Former Liberal Senator, Federal Health Minister and Professor of Community Medicine, Dr Peter Baume AC provided the answer during the IQ2 euthanasia debate in 2009 when he stated:

Why are religious groups so powerful in Australia? It has to do with electoral arithmetic. No politician will readily alienate 8% of their electorate.”

Currently 8% of Australians regularly attend church, however it is an oversimplification to equate these groups too closely, because ironically a majority of Australian Christians support VE4. It is the policy makers and lobbyists, primarily in the Catholic Church hierarchy, who exercise disproportionate power in the VE debate.

The Catholic Church owes its influence today to a mix of history, tradition, its education system and effective lobbying. It does much charitable work and provides community, spiritual guidance and solace at the end of life for believers. But it remains deeply reactionary: after 2000 years no women hold high office, while divorce, abortion, gay relationships, stem cell research, and birth control are all off limits. It’s safe to say that VE stands no chance.

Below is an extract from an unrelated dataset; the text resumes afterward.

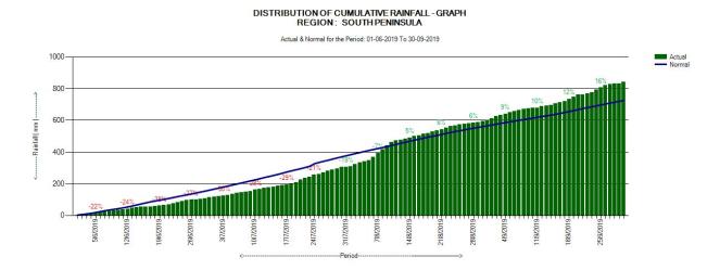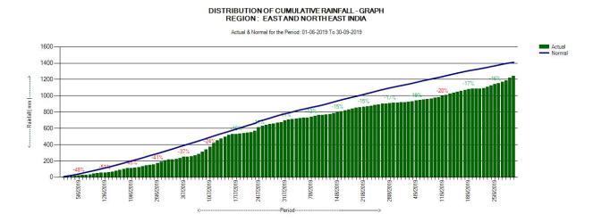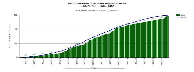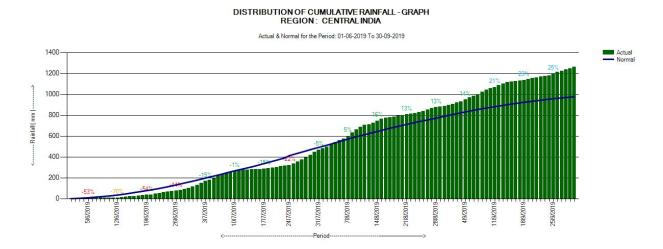 CUMULATIVE RAINFALL BAR CHART – All India The bar chart below, also from IMD, provides the daily cumulative All India rainfall throughout the SW monsoon from June 1 to Sept 30, 2019, along with the normal cumulative rainfall for the respective dates. As we can see, the cumulative rainfall was below normal till around Aug 9, 2019, and starts becoming normal and above normal thereafter.

The Church, especially Roman Catholicism, is going through a tough time at present, all self-induced. Administrative corruption, Vatican bank money laundering and world-wide paedophilia scandals with cover-ups have damaged credibility. However even when down they continue to be highly organised lobbyists and to skew the VE debate. They have every right to advise their followers, but none to override the rights and wishes of an over 80% majority of NSW citizens.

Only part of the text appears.